Preconditions for averaging time series I have several time series of annual data from which I'd like to calculate a yearly mean (arithmetic or robust).
Am I correct to assume that each of these time series has to fulfill the conditions of having the same mean and being homoskedastic (i.e. stationarity)? 
Is it also important to prewhiten the individual series (i.e. remove autocorrelation)?
Is there a canonical reference on this topic?
 A: Averaging over time
If you have $m$ series with constant population means $-\infty<\mu_1,\dots,\mu_m<+\infty$*, you can define the population mean of all series as a vector of individual means $\mu:=(\mu_1,\dots,\mu_m)'$.
Then the sample mean over time, $\bar x:=(\bar x_1,\dots,\bar x_m)'$, where $\bar x_i=\frac{1}{T}(x_{i,1}+\dots+x_{i,T})$ is the sample mean of the $i$th series, will be a consistent estimator of $\mu$ if the individual series are stationary. For example, conditional heteroskedasticity and/or autocorrelation of the individual series would not prevent consistency but would reduce efficiency of the estimator $\bar x$.
Averaging across series and over time
In the setting above, you can define the population mean of the average (across "space") of all series as $\mu:=\frac{1}{m}(\mu_1+\dots+\mu_m)$. (You could also extend this trivially to a weighted average.)
Then the sample mean across series of the sample means over time, $\tilde x:=\frac{1}{m}(\bar x_1+\dots+\bar x_m)$, will be a consistent estimator of $\mu$ under stationarity. Once again, conditional heteroskedasticity and/or autocorrelation of the individual series would not prevent consistency but would reduce efficiency of the estimator $\tilde x$.

Other points

Am I correct to assume that each of these time series has to fulfill the conditions of having the same mean and being homoskedastic (i.e. stationarity)?
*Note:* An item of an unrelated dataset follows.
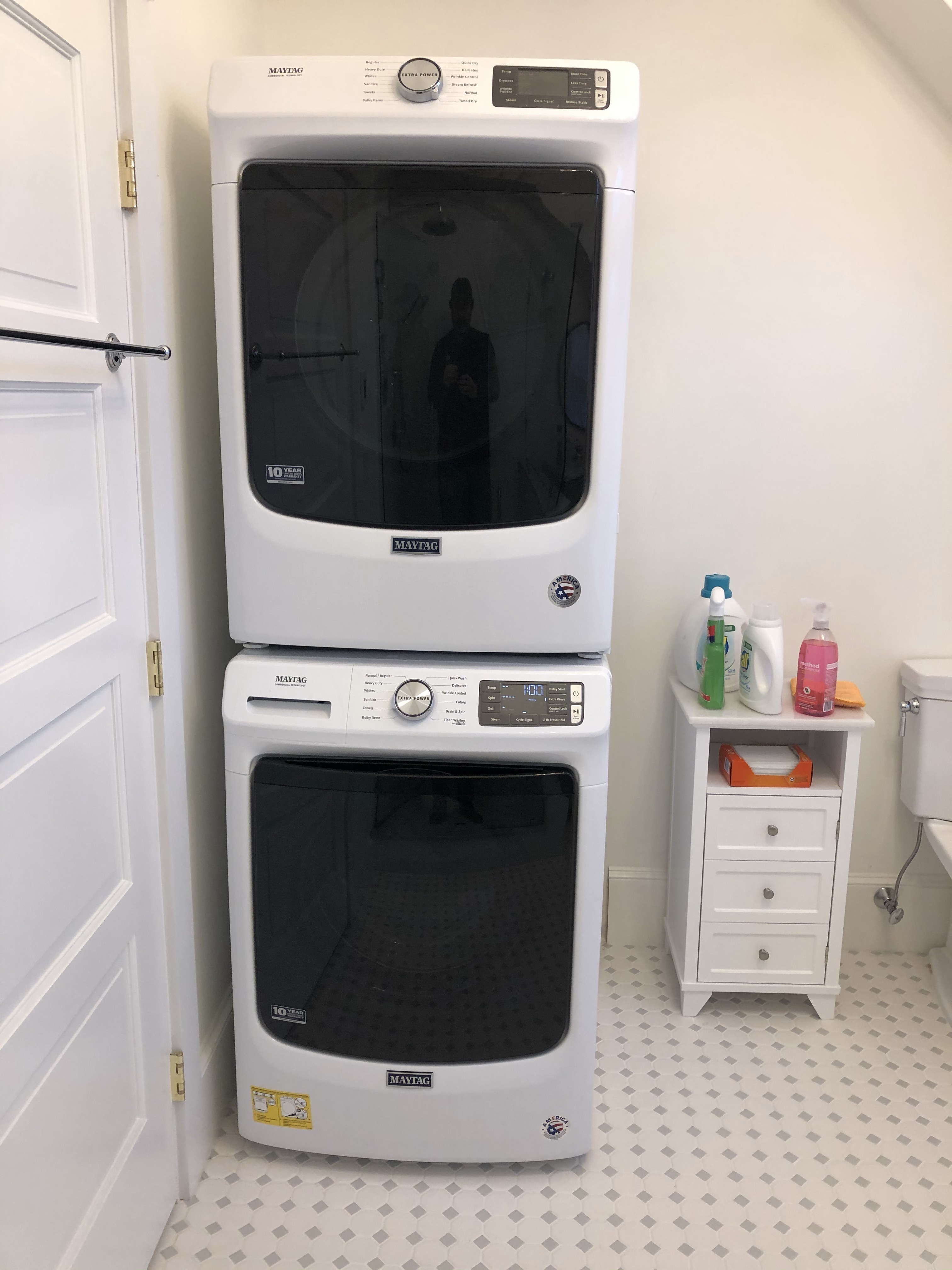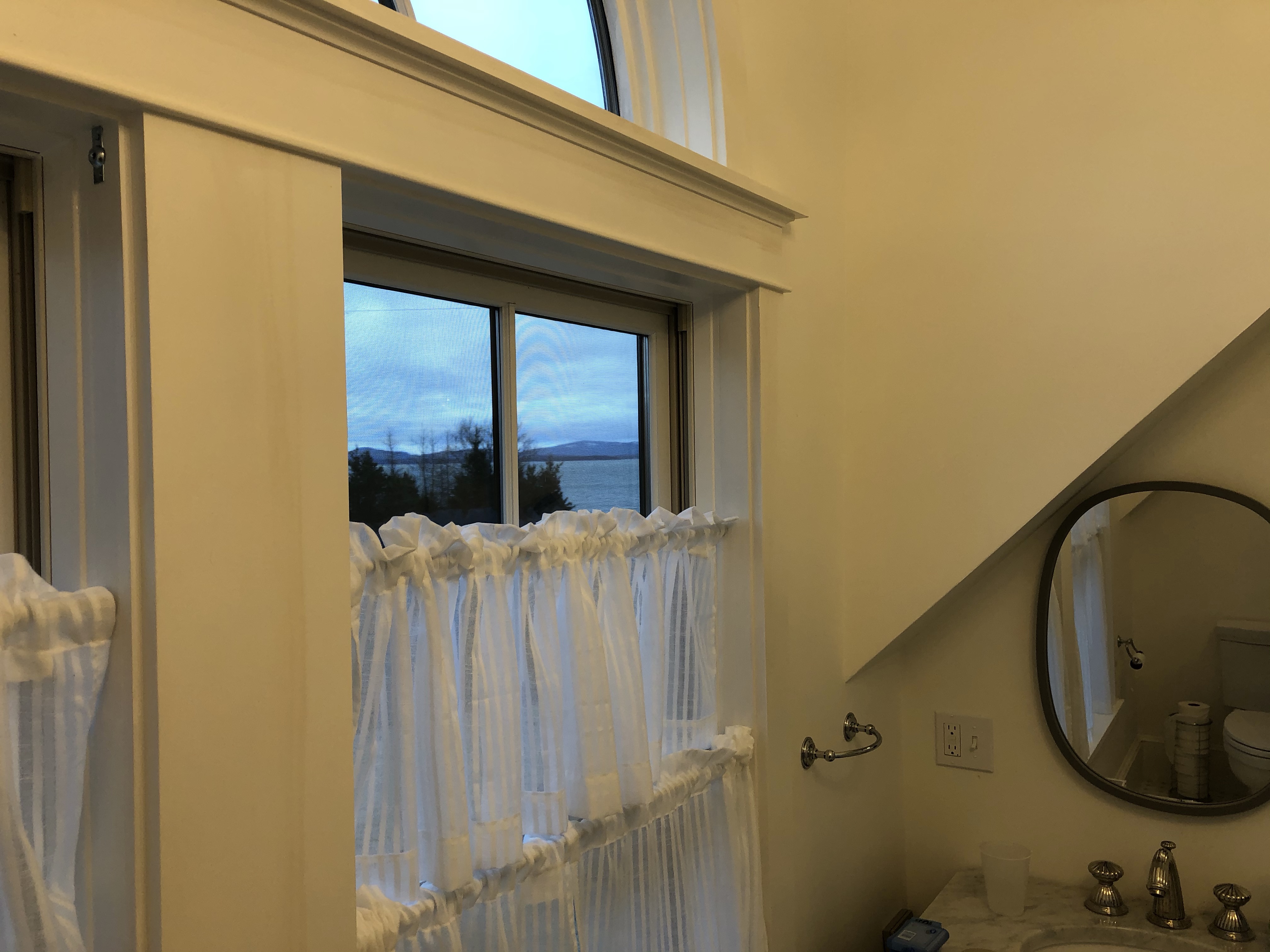 View of the mountains of Acadia across Blue Hill Bay.Large walk in shower with "sunflower" shower head.Overhead light in vaulted ceiling meant to be evocative of a supernova, big bang or other celestial event as a reference to incredibly dark skies and vast star field viewable from the island.Full size washer/dryer ready for action.

If you are averaging over time, then you need the (unconditional) mean to be the same over time for each individual series. Without that the estimators would not have meaningful counterparts in population and thus would be estimating some weird objects that you might not be interested in. Homoskedasticity is not required for that, however, as it only affects efficiency but not consistency and not the "meaningfulness". Note also that conditional homoskedasticity is not required for stationarity.

Is it also important to prewhiten the individual series (i.e. remove autocorrelation)?

Not really, because autocorrelation does not prevent consistency; it only results in a loss of efficiency. I am not aware of a way around it as autocorrelation effectively means the sample contains less information about the population mean (which you are trying to estimate) than an i.i.d. sample would. A transformation that could help gain some efficiency would be to account for conditional heteroskedasticity, if any.

Is there a canonical reference on this topic?

Not that I am aware of.

 *This excludes the possibility that one or more of the time series are random walks, because random walks do not have population means. However, under cointegration you could still be fine if the simple unweighted average happens to be a cointegrating combination of the series. 
A: The property of "consistency" of an estimator presupposes the existence of a common theoretical moment that is being estimated through a sample mean.
In general,


Sample means are consistent estimators of the corresponding
    theoretical moments, if the underlying population is   

  
  
*
  
*stationary up to the corresponding moment (1st-order, second-order, etc) 
  
*ergodic
  
*and it is so  along the index over which we average.
  

Note 1: the first condition is essentially a re-statement of the fact that we need the random variables to have common the moment we want to estimate.
Note 2: in many cases, stationarity and ergodicity "go together" (need the same set of conditions), but not always. Ergodicity is a deep mathematical concept, and I do not know how to present it summarily.
Note 3: Condition 3 relativizes the previous two conditions.
Case in point : it appears that in the OP's case, we want to obtain an estimate of the "ensemble mean" (in time series terminology), or in panel-data terminology, to estimate the "cross-sectional" mean in each time period, and form a time series of these cross-sectional means. Looking at the conditions, we require 
$$E(X_{1t}) = ...= E(X_{Kt}) \;\;\; \forall \;t$$
but we can allow 
$$E(X_{1t}) = ...= E(X_{Kt}) \neq E(X_{1,t+j}) = ...= E(X_{K,t+j}),\;\;\; j\in \mathbf Z$$
If the second situation happens, we will obtain a non-stationary time series of averages, but that's life, and it does not affect the properties of each cross-sectional sample mean.
Moreover, do we need the variances to be constant across time? NO, we do not "care" what happens across time, since what we want is to estimate the cross-sectional mean.  
Perhaps we need the variance to be common across "space"? Again, NO, since we are only estimating the first moment, the mean, and we do not "care" about its distribution. Essentially what we need is the conditions for a Law of Large Numbers(LLN) to hold, along the index we are averaging over. If the cross-sections are independent, the only thing we need is that they have a common mean (this is Khinchin's LLN). Regarding the characteristic of independence, it can be relaxed up to a point, and we can start talking about martingales or mixing processes (here along the "space", cross sectional index), and again we will obtain an LLN.
Finally, there may be cases where, given the research purpose/goal it is meaningful to average over random variables that have different theoretical means.
For example assume that we have the Gross Domestic Product (GDP) of different countries. For our purposes we may want to calculate the "average GDP value per time-period", even though we know that most probably for each country the theoretical mean value of its DGP per time period is different (i.e. we do not argue that the DGP of China, viewed as a random variable in each time period, has the same distribution as the DGP of Panama, and that the two represent different realizations from the same distribution). Here, we have Chebyshev's LLN for independent rv's (that the sample average will converge to the average of the true expected values), and also Markov's LLN, which allows for a degree of stochastic dependence and still leads to convergence of the (here) cross-sectional sample average to the average of the true means.